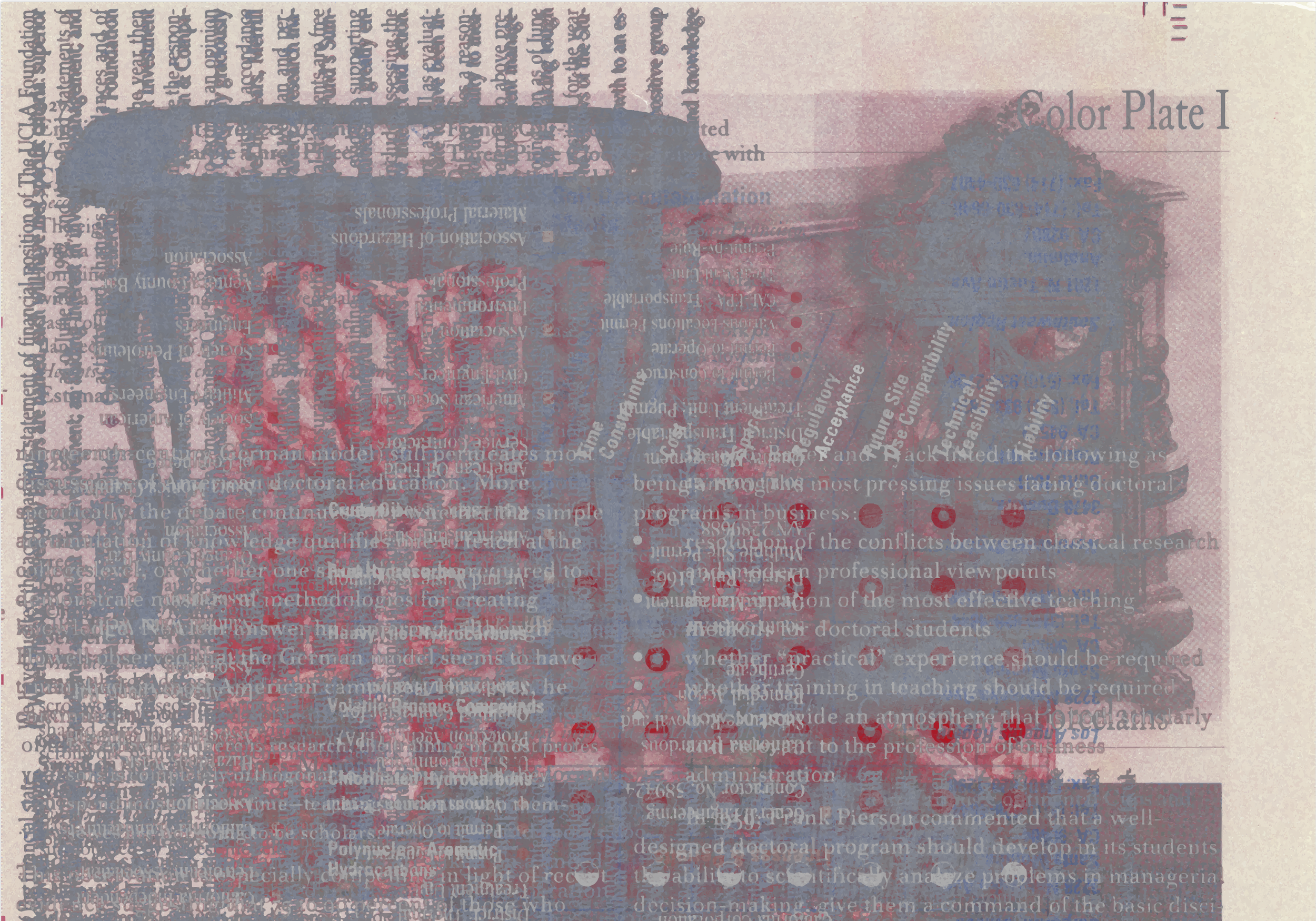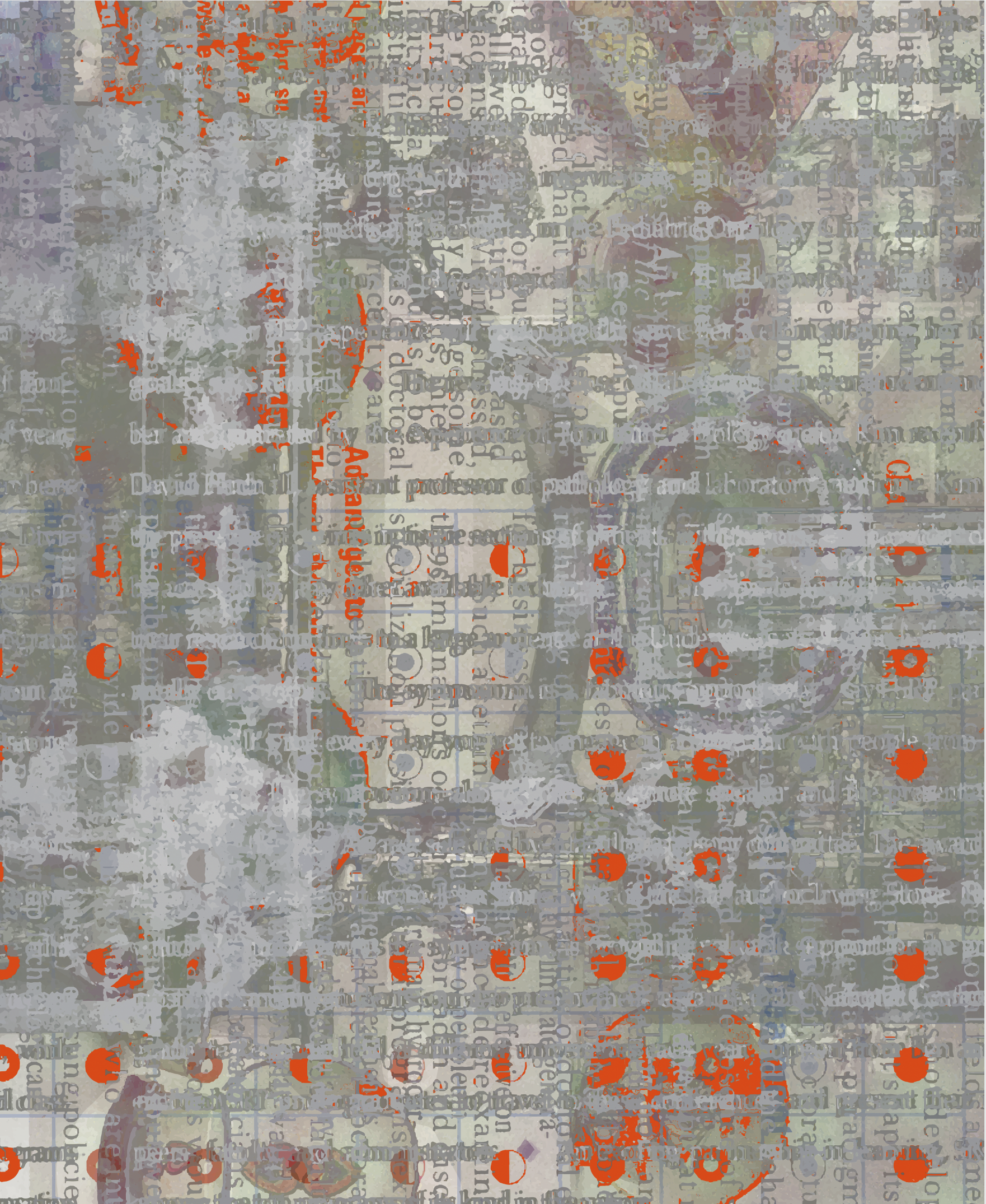 I was fascinated with how layered lines of type became fragments, interacting with mostly unrecognizable images of ads, book plates, and other subjects. Unwittingly, this emerged as my visual language. I called this work "well-involved vacant structures," after seeing a make ready fragment with words relating to firefighting. "Well-involved" suggested the multitude of layered imagery, whereas "vacant structures" implied the abstract nature of mostly indecipherable messaging ephemera.
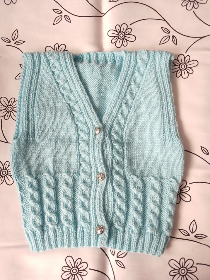 Yeni örüldü taptaze. Mavi pastel renkte, V yaka ve regular fit kesim, yumuşak örgü kumaştan örülmüş erkek çocuk yeleği.
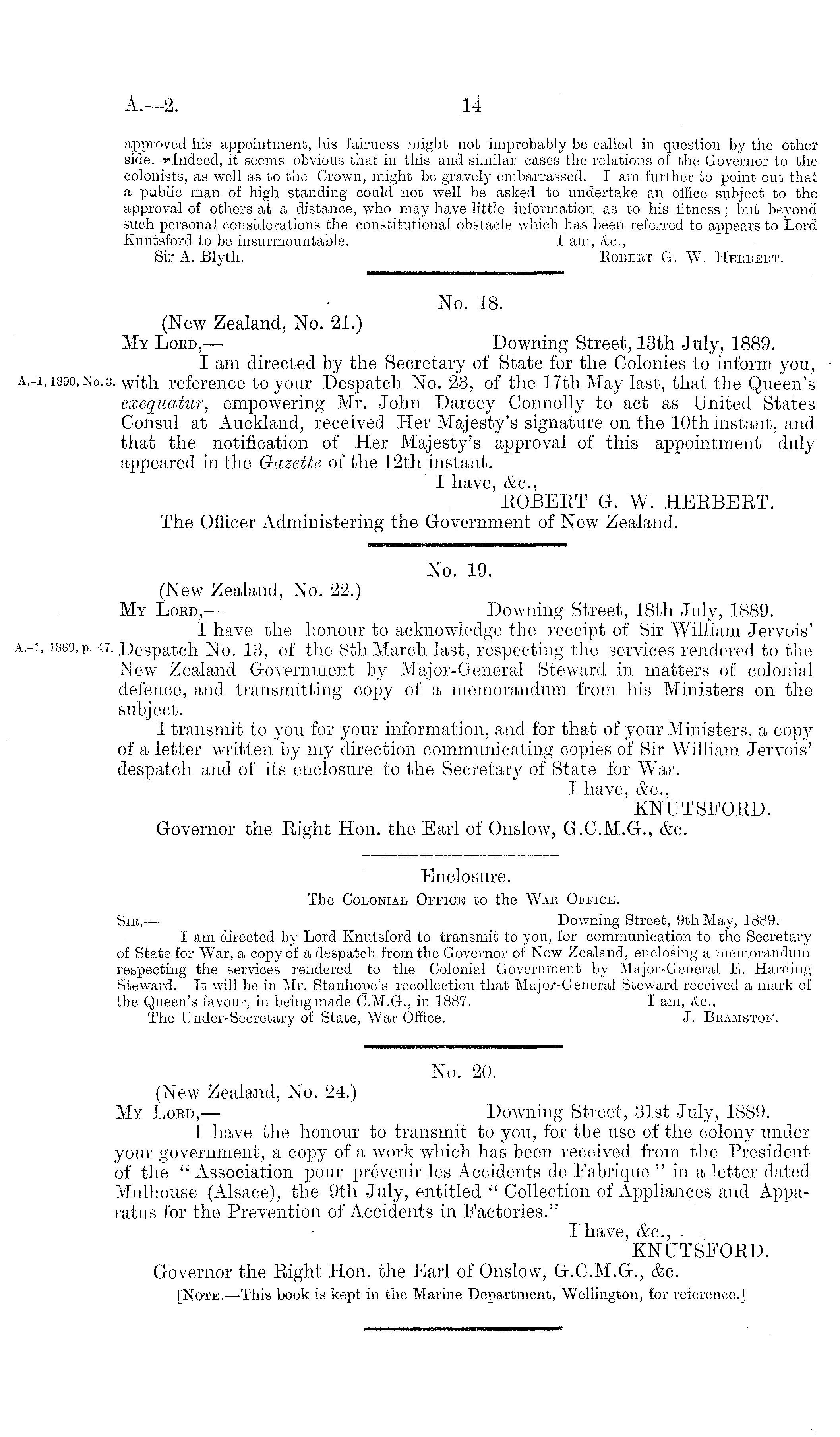 Enclosure. The Colonial Office to the Wak Office. Sir,— Downing Street, 9th May, 1889. I am directed by Lord Knutsford to transmit to you, for communication to the Secretary of State for War, a copy of a despatch from the Governor of New Zealand, enclosing a memorandum respecting the services rendered to the Colonial Government by Major-General B. Harding Steward. It will be in Mr. Stanhope's recollection that Major-General Steward received a mark of the Queen's favour, in being made C.M.G., in 1887. I am, &c, The Under-Secretary of State, War Office. J. Bkamston.
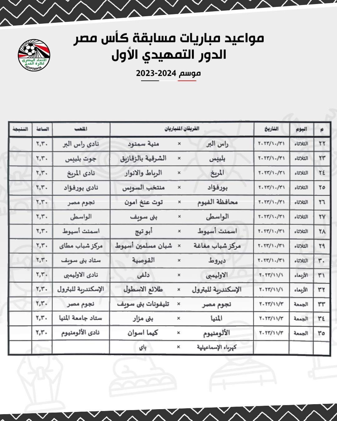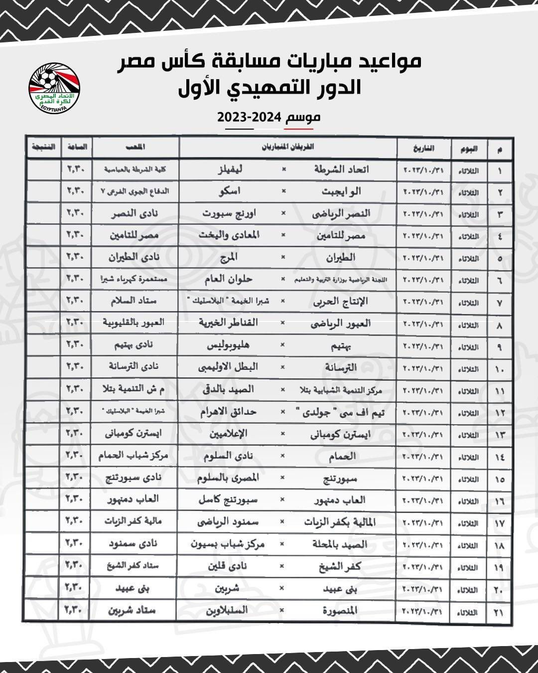 مواجهات الدور التمهيدي لبطولة كأس مصر:
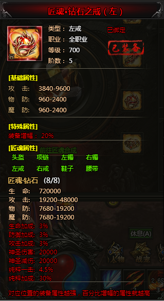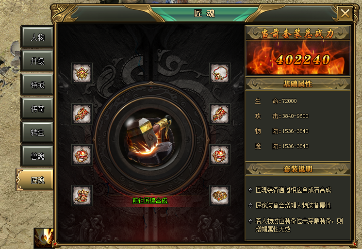 穿戴完整匠魂装备可获得匠魂装备套装效果,获得额外属性提升。
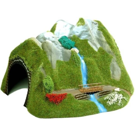 Mit Wasserfall und Holzbrücke für gebogene Strecken. Für Gleise mit Radien von 500-650 mm Maximale Innenhöhe des Portals: 93 mm Größe: 31 x 28 cm, 18 cm hoch Durch die spezielle Busch Grasimitation (gleiche Farb- und Materialstruktur wie Busch Geländeteppiche maigrün) ergeben sich Kombinationsmöglichkeiten mit selbstgestalteten Geländeabschnitten und mit anderen Busch Landschaftsteilen, Auffahrten usw.
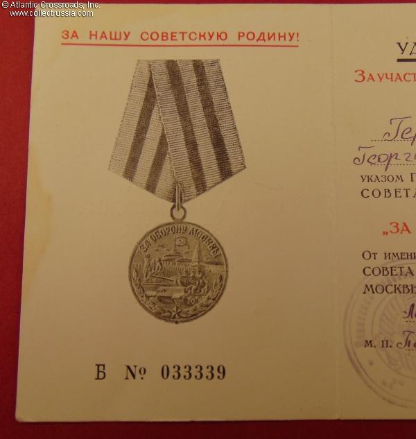 This relatively uncommon "catch-up" award certificate was apparently timed to the Soviet Army anniversary on 23rd February and especially the 20th anniversary of victory celebrations coming later that year. The document can be a perfect match to a post-war "Voenkomat" version of the Defense of Moscow Medal.
◆ ◆ ◆ ◆ ◆ ◆ ◆
■ Try it ■
Would you retype the listing above exactly, omitting its pictures?

■ Task answer ■
 I was fascinated with how layered lines of type became fragments, interacting with mostly unrecognizable images of ads, book plates, and other subjects. Unwittingly, this emerged as my visual language. I called this work "well-involved vacant structures," after seeing a make ready fragment with words relating to firefighting. "Well-involved" suggested the multitude of layered imagery, whereas "vacant structures" implied the abstract nature of mostly indecipherable messaging ephemera.
 Yeni örüldü taptaze. Mavi pastel renkte, V yaka ve regular fit kesim, yumuşak örgü kumaştan örülmüş erkek çocuk yeleği.
 Enclosure. The Colonial Office to the Wak Office. Sir,— Downing Street, 9th May, 1889. I am directed by Lord Knutsford to transmit to you, for communication to the Secretary of State for War, a copy of a despatch from the Governor of New Zealand, enclosing a memorandum respecting the services rendered to the Colonial Government by Major-General B. Harding Steward. It will be in Mr. Stanhope's recollection that Major-General Steward received a mark of the Queen's favour, in being made C.M.G., in 1887. I am, &c, The Under-Secretary of State, War Office. J. Bkamston.
 مواجهات الدور التمهيدي لبطولة كأس مصر:
 穿戴完整匠魂装备可获得匠魂装备套装效果,获得额外属性提升。
 Mit Wasserfall und Holzbrücke für gebogene Strecken. Für Gleise mit Radien von 500-650 mm Maximale Innenhöhe des Portals: 93 mm Größe: 31 x 28 cm, 18 cm hoch Durch die spezielle Busch Grasimitation (gleiche Farb- und Materialstruktur wie Busch Geländeteppiche maigrün) ergeben sich Kombinationsmöglichkeiten mit selbstgestalteten Geländeabschnitten und mit anderen Busch Landschaftsteilen, Auffahrten usw.
 This relatively uncommon "catch-up" award certificate was apparently timed to the Soviet Army anniversary on 23rd February and especially the 20th anniversary of victory celebrations coming later that year. The document can be a perfect match to a post-war "Voenkomat" version of the Defense of Moscow Medal.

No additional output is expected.